Павел топтался вокруг будки уже минут пятнадцать, за это время уже получили свои справки человек семь или восемь и стремглав кинулись в метро, на другую сторону широченной улицы, или торопливо поднимались к промокшей арке, чудом уцелевшей от кольцевой стены Белого города. Она, когда-то роскошная, точно родовитая аристократка, состарившаяся на глазах у беспечного города, милостиво вела в обход широкой улицы и площади, на бывшую уютную Никольскую, а оттуда, вправо, в бывший же древний Ветошный переулок.

– Эй! Товарищ! – крикнула из будки полная женщина и даже приподнялась со своего табурета, вывернув маленькую свою головку с седеющим коком влево от узкого окошка, – Чего топчетесь! Идите сюда. Есть адресок… Не давали сперва…, потом вот расщедрились чего-то.

Она сунула в узкую щель металлического приемника бумажку, исчерканную ее торопливым, плохо разбираемым почерком. Павел схватил бумагу и, прикрывая ладонью от дождя, щурясь из-за совсем недавно появившейся дальнозоркости, прочитал адрес.

– Спасибо, спасибо! Ой, какое вам, девушка, спасибо! Ну, прямо такое спасибо! – нелепо поблагодарил Павел, не отрывая глаз от мокнущей под дождиком бумажки.

– Была девушкой, да на справки разменяли! – рассмеялись тем же скрипучим металлическим голосом женщина и уже повелительно, строго, крикнула скукоженной толпе – Следующий!

…Павел, покачивая чемоданчиком, вошел в квадратный мешок добротного кирпичного дома в Рабочем поселке и покосился на троих промокших насквозь бродяг, жавшихся под дырявым козырьком черного хода винного магазина. Уже стемнело, окна светились яркими прямоугольниками, храня за собой надежное, но чужое для них тепло квартир.

– Ищешь кого, земляк? – выкрикнул один из бродяг, небритый, кособокий старик в грязной телогрейке с торчащей на локтях серой ватой, – А то поможем… Может и ты нам чем подмогнешь? А? Дай, браток, десять копеечек инвалиду войны, геройскому освободителю Праги. На винцо не хватает. Мерзнем тут, как собаки!

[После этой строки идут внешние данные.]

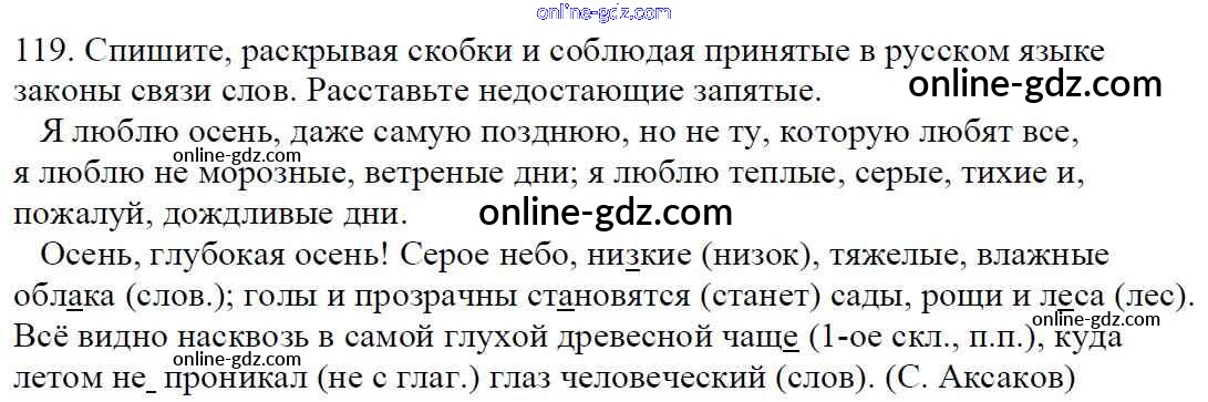 Готовые домашние задания по Русскому языку за 5 класс Учебник Баранов, Ладыженская 2016 - Часть 1. Упражнения 119
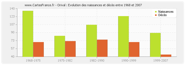La population d'Orival était de 955 habitants en 2007, 1 071 habitants en 1999, 1 004 habitants en 1990, 926 habitants en 1982, 1 132 habitants en 1975 et 1 164 habitants en 1968.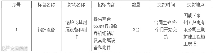 2.1.4交货地点:国能(泉州)热电有限公司三期扩建工程施工现场。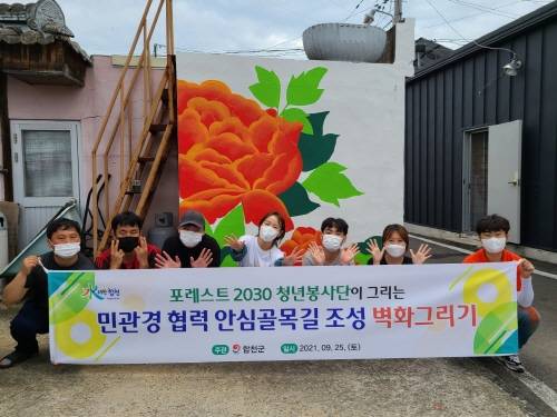 경남 합천군(군수 문준희)은 25일 초계면 일원 골목길에 '민관경 협력 안심골목길 조성사업'으로 2030 청년자원봉사단(회장 최재황) 20여 명이 재능기부로 참여해 벽화그리기를 실시했다고 전했다.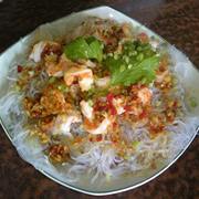 鲜虾仁、粉丝、酱油、蒜末、红辣椒、食用油、姜末。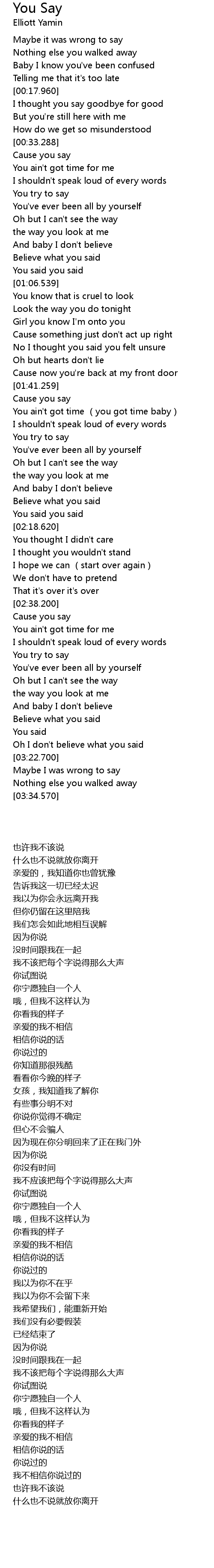| [02:46.900] | I shouldn' t speak loud of every words |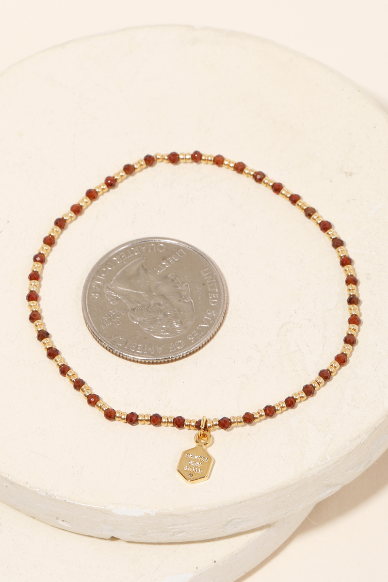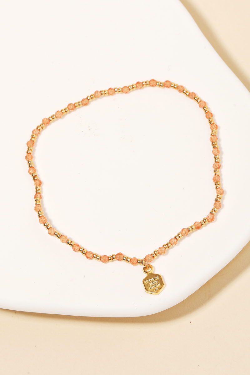 - This piece is designed to be both stylish and functional, this bracelet reveals an intricate dainty bead hexagon charm design. This item is the perfect way to add some texture and interest to any outfit. Available in MI, WH, BR and PE. This item is sold in packs of 12.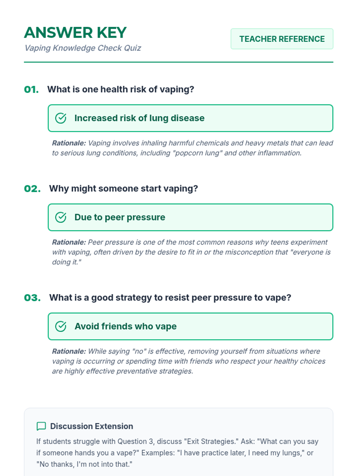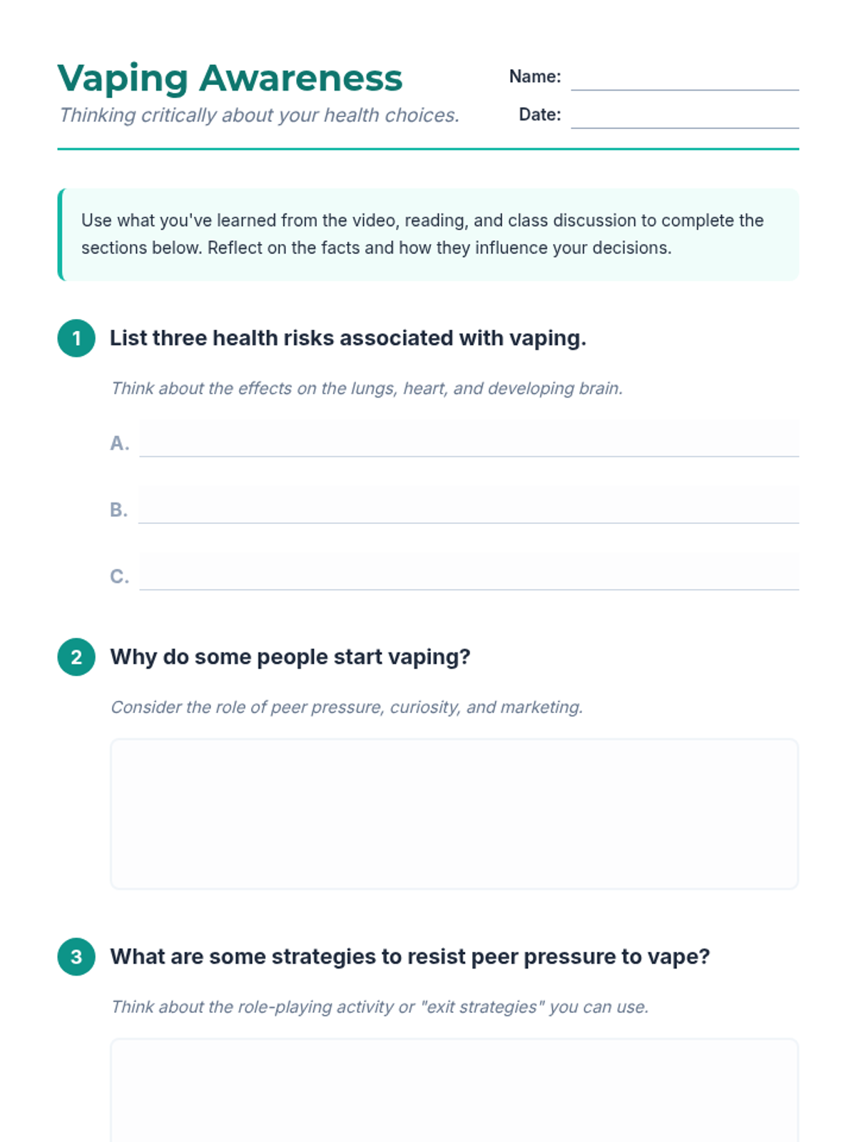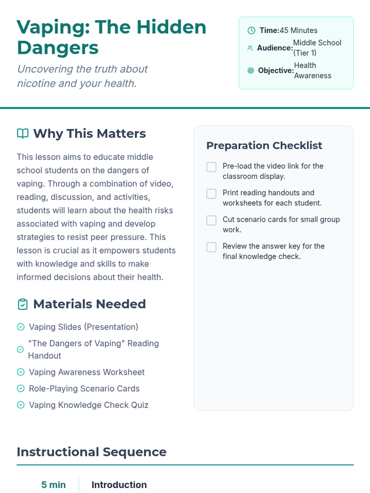 A comprehensive 45-minute lesson for middle schoolers exploring the physiological and social dangers of vaping, including peer pressure resistance strategies.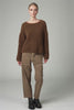 Maglia girocollo in filato di Alpaca Naturale, con texture bouclè. Volume oversize, con spalla scesa e lunghezza alla vita. Scollo, polsi e fondo con coste.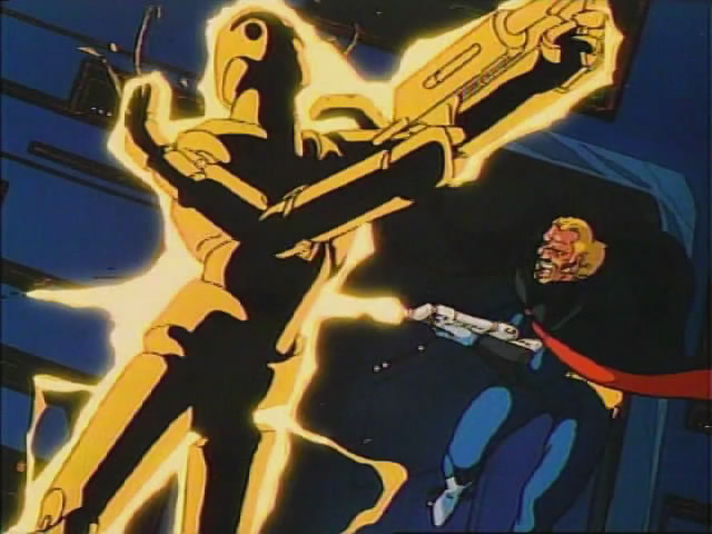 3001 A.D. – Another space station, this time seen from the inside. A giant robot beams in behind Reika, Star Trekstyle, and blasts at her. Reika somehow grabs a hover board, and goes on a high-speed chase with the robot.
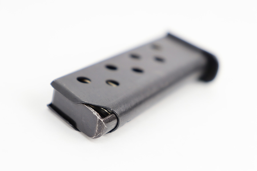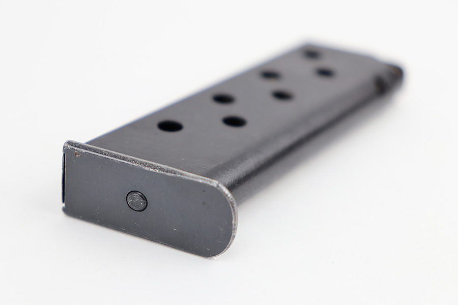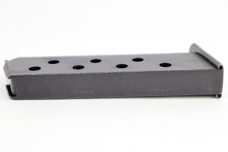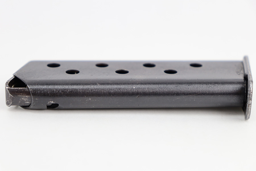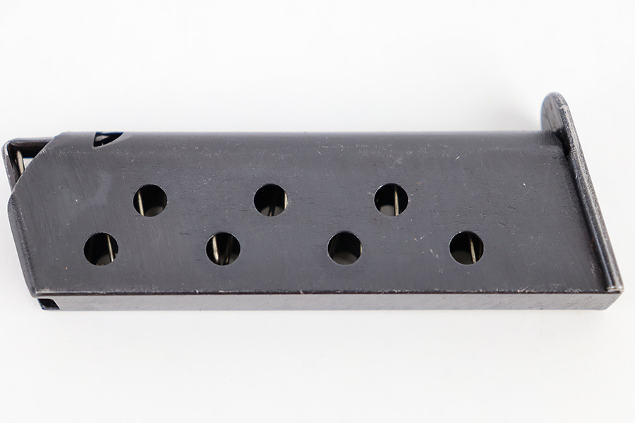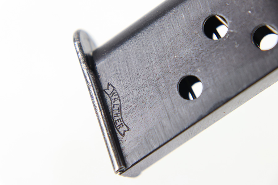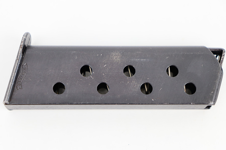 8/22/23 – This is an original WW2 era production Walther PP magazine. The magazine is “transitional” because it has an early Walther banner only stamped on the frame, and a dull blued wartime style finish. Excellent condition with minimal finish loss and a fully functional spring.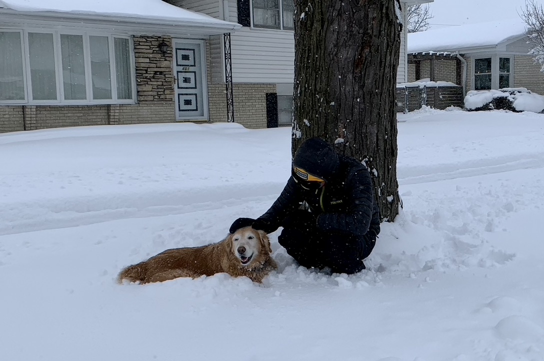 Eventually she slows and catches her breath, wet snow caking her fur. Drew decides to test out his new snow pants and huddles next to her. He gently strokes her as that ever-present smile seems to get wider. That’s delight. To do. And to witness.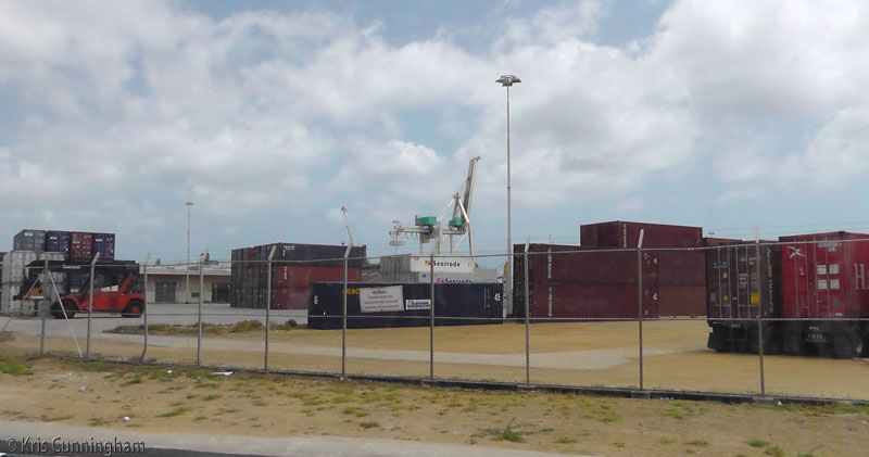 On the way to town we pass the container shipping area. Since everything has to shipped in (except the children and dogs, according to the guide) it makes sense they have these facilities.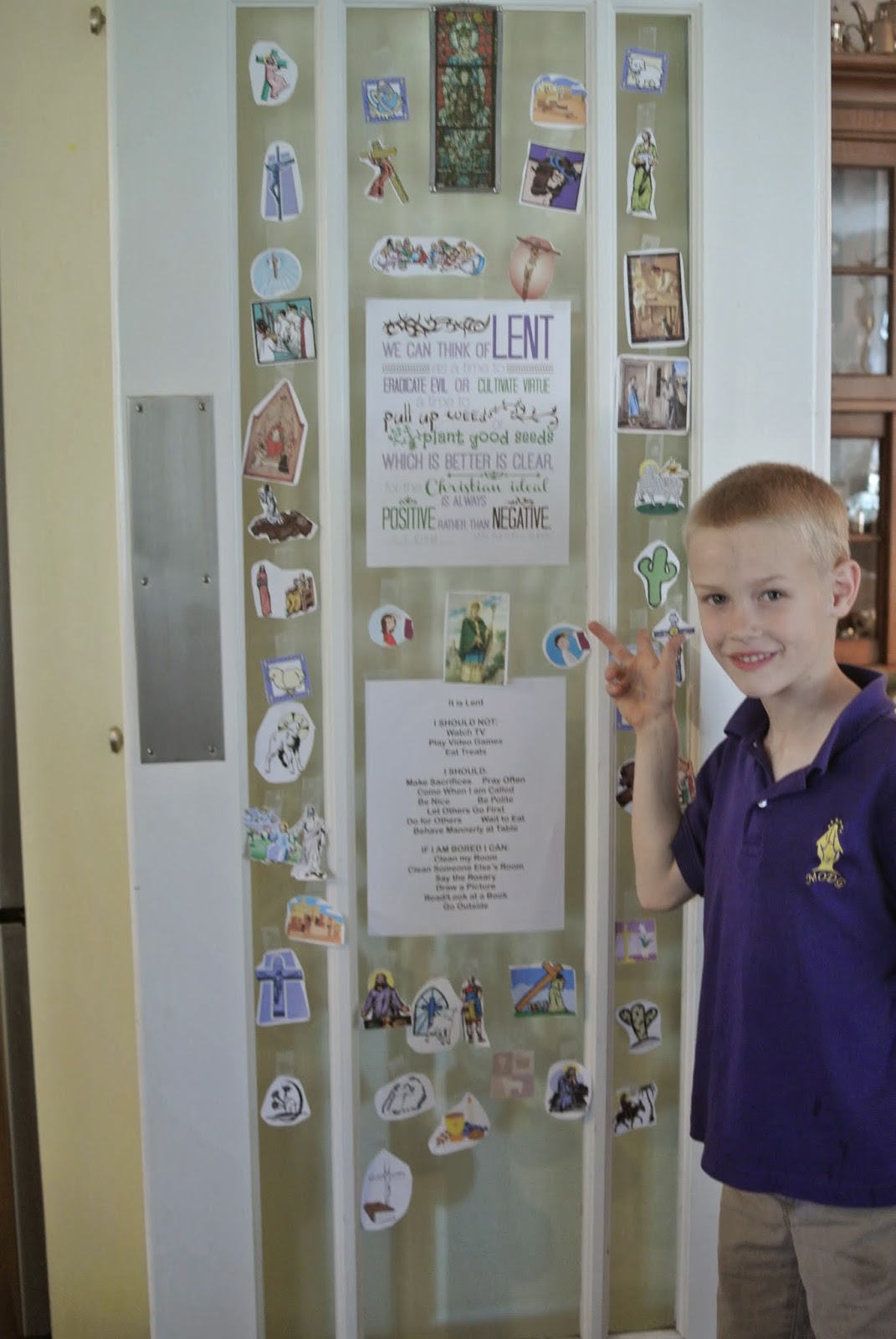 And Gus put the Clipart Lent Calendar on the door. By the way, a couple folks have said they couldn't get it to download properly so they could print it out. If it didn't work for you and you still want it, send me an email and I'll send it to you as an attachment. If it DID work for you, will you let me know in the comments, so I know if it was an isolated glitch or a total failure.

Павел оглянулся, сунул руку в карман и, не считая, выгреб серебренную и медную мелочь. Он протянул ее старику. Тот живо выскочил из-под козырька и, громко сопя, сгреб всю мелочь в ладонь. Одна упрямая копеечка вырвалась и звонко покатилась в лужу. Другой, помоложе, кинулся за ней, грохнувшись почти на четвереньки.

– Ну, старый раззява! Деньгами ссорит! Не вырастут!

Молодой ловко сковырнул копейку грязным ногтем и крепко зажал ее в кулаке.

Павел поднял голову и посмотрел на окна.

– Тут женщина одна живет… Мария Ильинична…Кастальская. Подъезд, какой не знаете, а то вон таблички над парадными побиты…, номеров не вижу?

– А как же! – вскрикнул старый бродяга, – Мы с ейным супругом первыми корешами были! Этот…, как его…Володька…Подкопаев. Инвалид, хромой. Тоже геройский мужик был! Главный сказочник Страны Лимонии! Ха-ха!

Павел внимательно посмотрел на криво ухмыляющегося старика.

– Умер, что ли?

– Вот, как ты, стоял, стоял…, потом в подъезд вошел и помер.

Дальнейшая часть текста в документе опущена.